Lemma 1. Let $A$ be a DFA having $n$ states, and let $B$ be a DFA having $m$ states. There is a DFA $C$ having $nm$ states such that $L(C) = [L(A) \setminus L(B)] \cup [L(B) \setminus L(A)]$.

The proof uses the product construction (exercise).

Lemma 2. Let $C$ be a DFA having $p$ states. If $L(C) \neq \emptyset$ then $L(C)$ contains some word of length at most $p-1$.

Proof sketch. The language $L(C)$ is non-empty if some final state $q_f$ is reachable from the initial state $q_0$. The shortest path from $q_0$ to $q_f$ has length at most $p-1$, and this corresponds to a word of length at most $p-1$ in $L(C)$.

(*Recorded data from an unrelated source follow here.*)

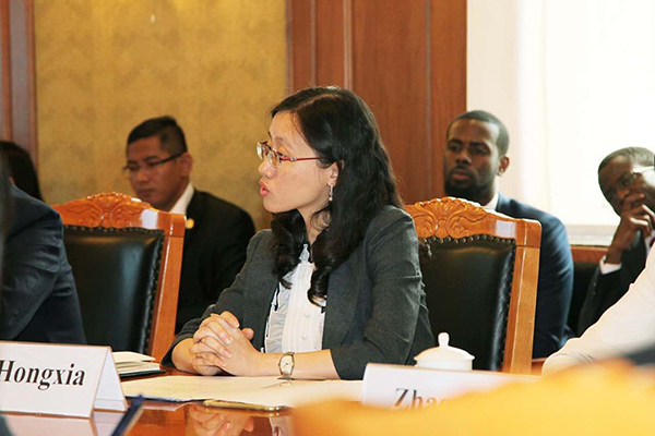 李红霞副司长对我院留学生的到访表示热烈欢迎,并高度肯定了我院积极主动承办发展中国家硕士项目的重要战略意义。她表示,AFDI是亚太区域财金合作最重要、最成功的成果之一。以AFDI为平台,在各方的支持和努力下,发展中国家硕士项目自启动以来取得了积极进展。首批留学生多数来自发展中国家财政部和央行等政府机构,此次现场教学将为留学生开拓视野、深入了解中国改革发展成果提供良好契机。李红霞副司长指出,中国取得巨大的发展成就,离不开改革与对外开放。财政部积极参与对外财金交流与合作,开展财税体制改革,为中国改革开放大局做出了积极贡献。作为世界上最大的发展中国家,中国在发展进程中与其他发展中国家一样面临许多共同的挑战和机遇,希望通过交流分享各自发展经验,促进共同发展繁荣。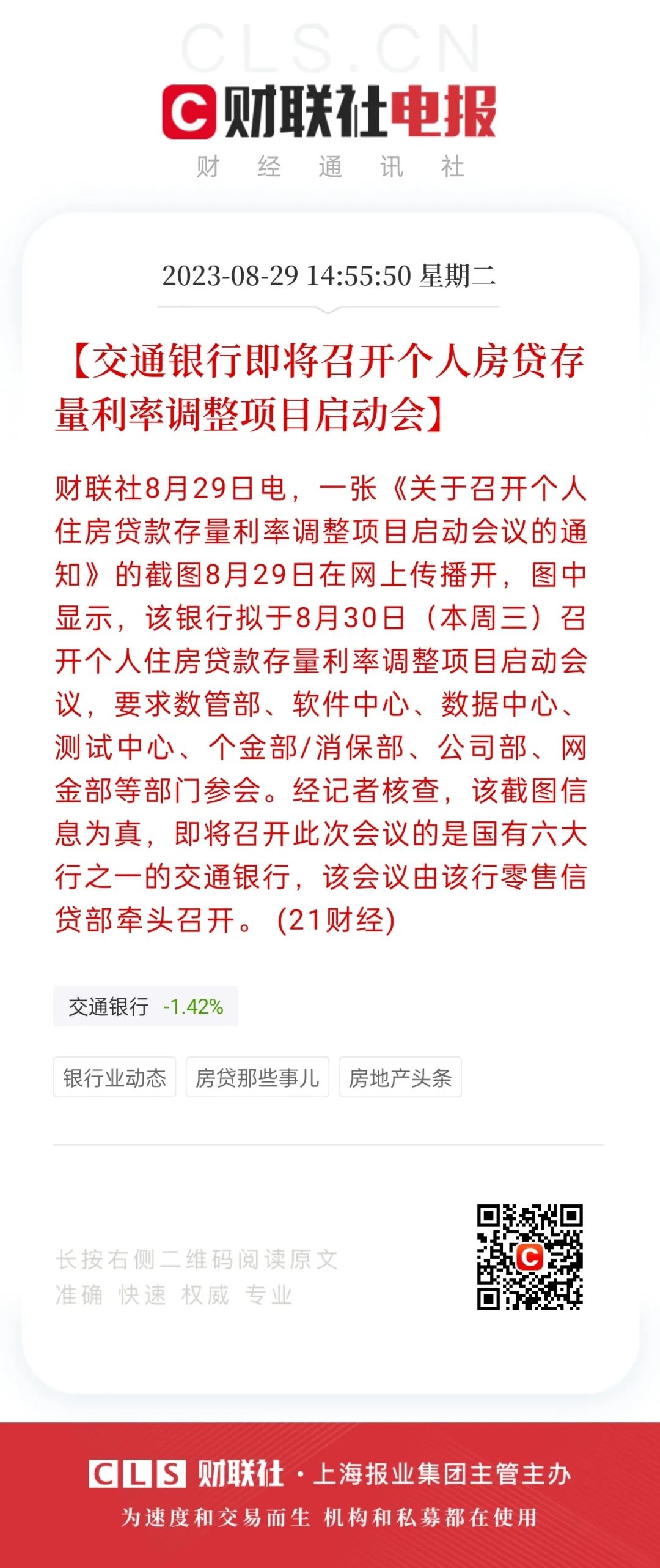 比如说,交通银行就曾传出8月30日召开个人住房贷款存量利率调整项目启动会。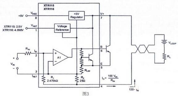 把傳感器輸出的不同電壓轉(zhuǎn)換成標(biāo)準(zhǔn)的4-20ma輸出,可采用不同的電路形式。成本低的可采用分立器件,但是為了達(dá)到比較高的精度,要保證相應(yīng)器件的匹配程度,調(diào)試也比較麻煩。傳感器專(zhuān)用的4-20ma 的一體化變送器集成電路,采用該系列產(chǎn)品設(shè)計(jì)的變送器成本低,精度高,調(diào)試簡(jiǎn)單。經(jīng)過(guò)選擇決定使用完成設(shè)計(jì)。內(nèi)部結(jié)構(gòu)如圖三: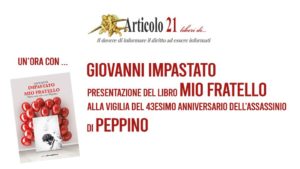 Articolo 21 propone “Un’ora con… Giovanni Impastato”. Sabato 8 maggio, alle ore 12, evento on line con la la presentazione del libro “Mio fratello”, alla vigilia del 43esimo anniversario dell’assassinio di Peppino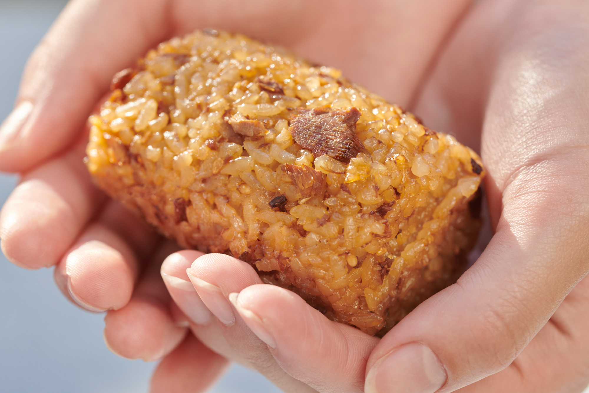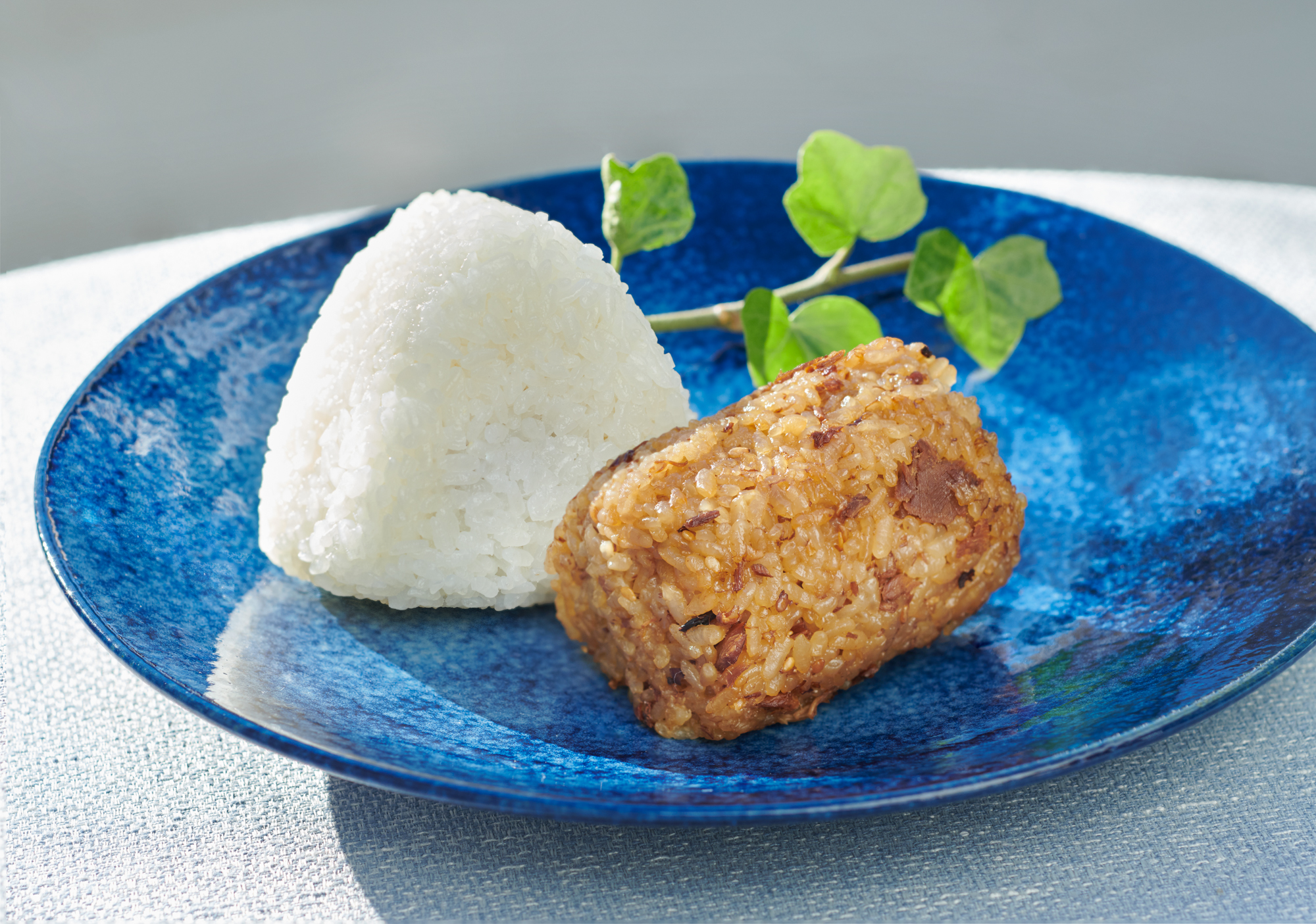 魚嫌いでも鮭のおむすびは好きなお子さんは多いからと、1つは塩鮭をイメージした塩味で。もう1つは、これも老若男女に好まれるかば焼きのたれを使って、甘めの味つけの混ぜ込みごごはん風に仕上げています。何度も試作や試食を重ね、形も、定番の三角形だけじゃなく、懐かしさを訴えたくて、1つは俵型に。大きさも少し大きめにして、お子さんが1つでお腹がいっぱいになるサイズを意識したそう。
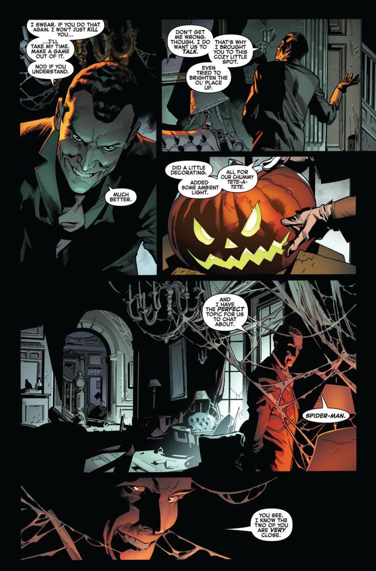 E la stessa cosa è successa con Carnage. All'inizio della mia gestione di Amazing, avevo in mente una grande storia con lui e Venom, ma erano bloccati in miniserie varie. Il che va bene. Fa tutto parte del magico mondo delle major e degli universi condivisi. Dato che ho usato poco Norman e non avevo mai potuto toccare Carnage, quando si avvicinava il finale del mio lungo ciclo sapevo di voler prendere per me i due giocattoli più belli che non mi ero mai potuto concedere. L'incontro tra i due e le loro rispettive forme di follia doveva essere la mia esplosione finale.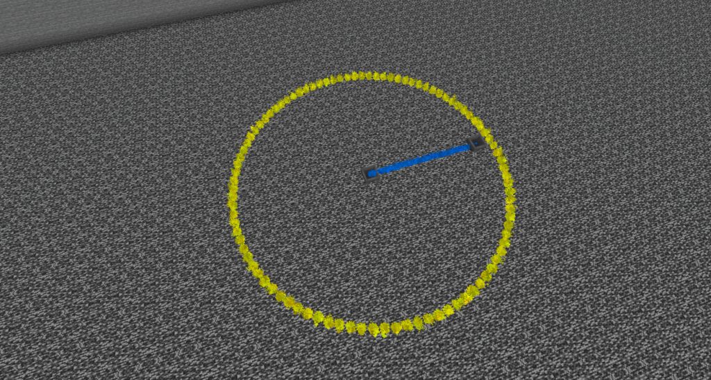 Sammelradius: wird durch aufsteigende lila Partikel markiert.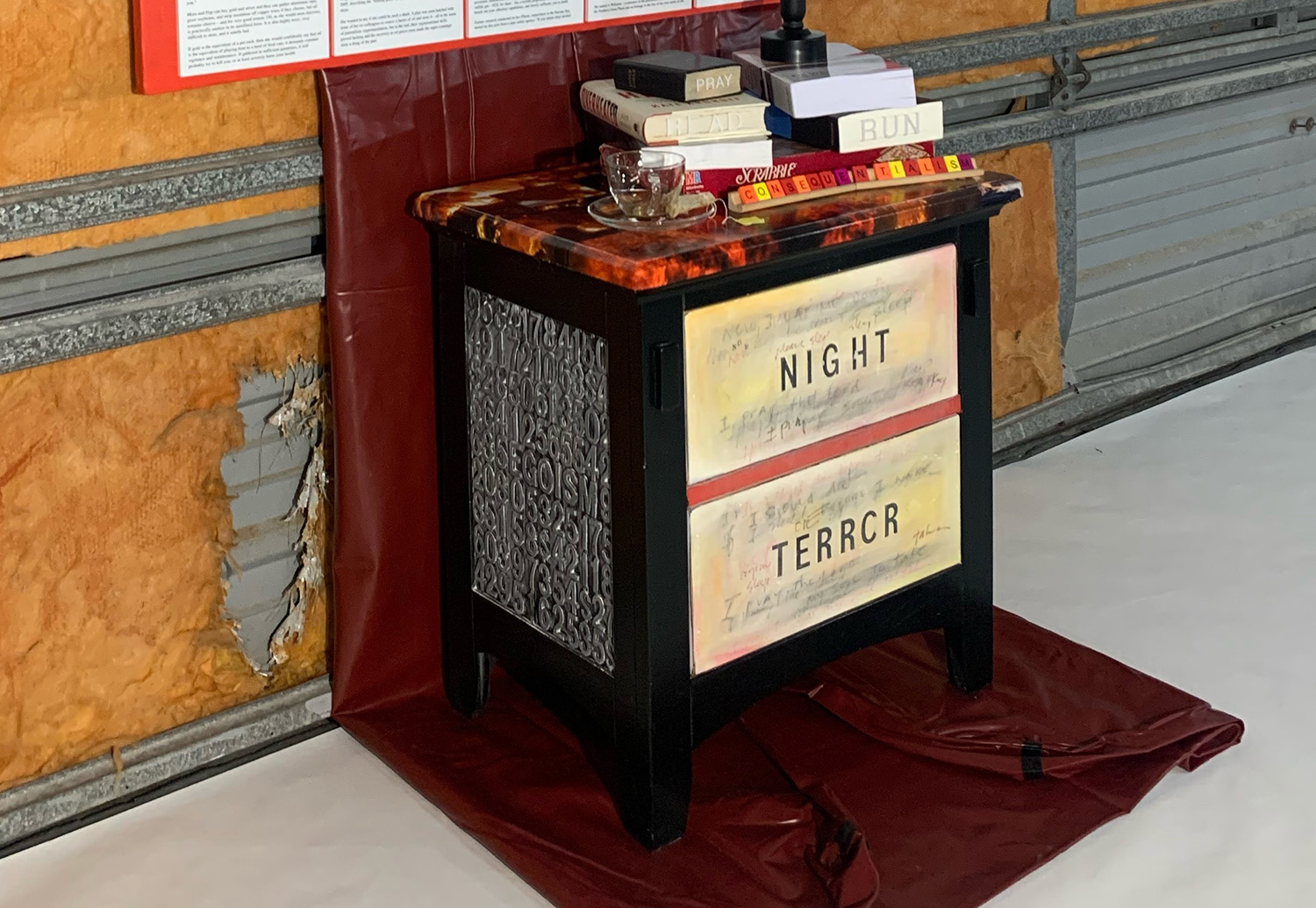 After a trip to visit a Guatemalan philanthropic organization, I became interested in the relationship of contemporary gang violence and historical colonialism. The violence that arrived with the European explorers and later revisited in the Latin American land wars. The history of colonial violence today generationally lives in the history of regional gang violence. As I researched both gang imagery and portraiture in art history, I was struck by the similarities in a painting by Giovani Battista Moroni and a photograph of a leader of the Mara Salvatrucha, MS-13 gang. In light of this coincidental intersection, I developed an assemblage of a renaissance gang portrait, “tattooed” 19th century Italian chest and 19th century bronze lamps with lampshades, along with other elements correlating to my research into these subjects.
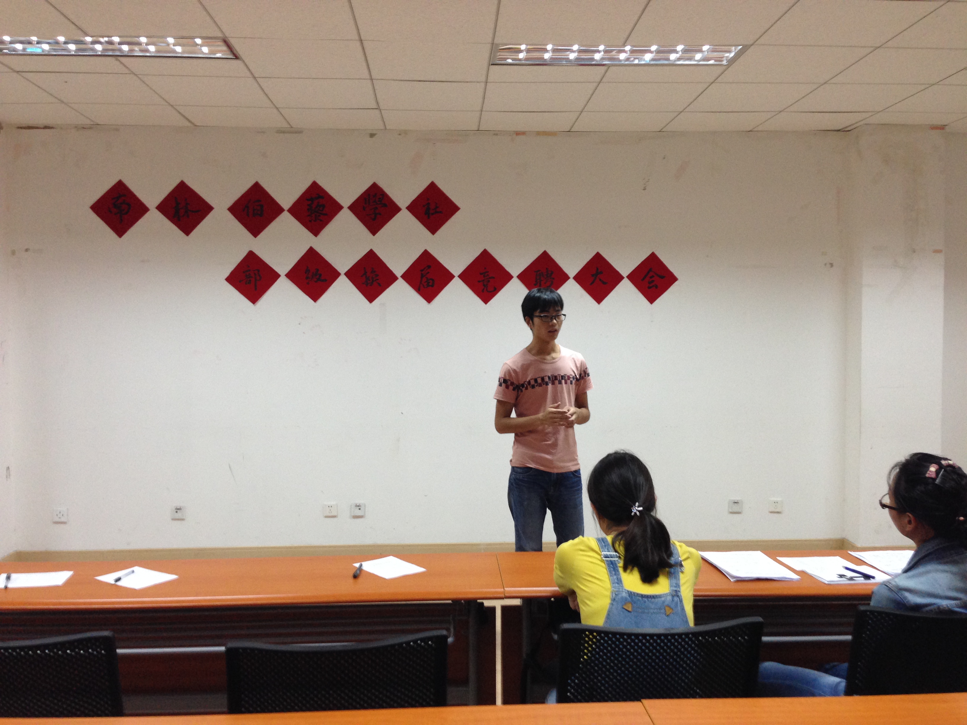 2015年10月22日下午四点,南林伯藜学社在南方学院报告厅召开了2015届部级正式干部竞选会。担任此次竞选评委的有资助中心指导老师倪慧、2015届伯藜学社社长石小霜和2014届活动部副部李萍。参与竞选的主要是学社各个部门14级社员。

Theorem. Let $A$ be a DFA having $n$ states, and let $B$ be a DFA having $m$ states. Then $L(A) = L(B)$ iff for all words $w$ of length at most $nm-1$, either $w \in L(A),L(B)$ or $w \notin L(A),L(B)$.

Proof. If $L(A) = L(B)$ then the condition clearly holds. If $L(A) \neq L(B)$ then $\Delta := [L(A) \setminus L(B)] \cup [L(B) \setminus L(A)] \neq \emptyset$. According to Lemma 1, there is a DFA having $nm$ states whose language is $\Delta \neq \emptyset$. According to Lemma 2 (with $p = nm$), there exists a word $w \in \Delta$ of length at most $nm-1$. This is a word for which it doesn't hold that either $w \in L(A),L(B)$ or $w \notin L(A),L(B)$.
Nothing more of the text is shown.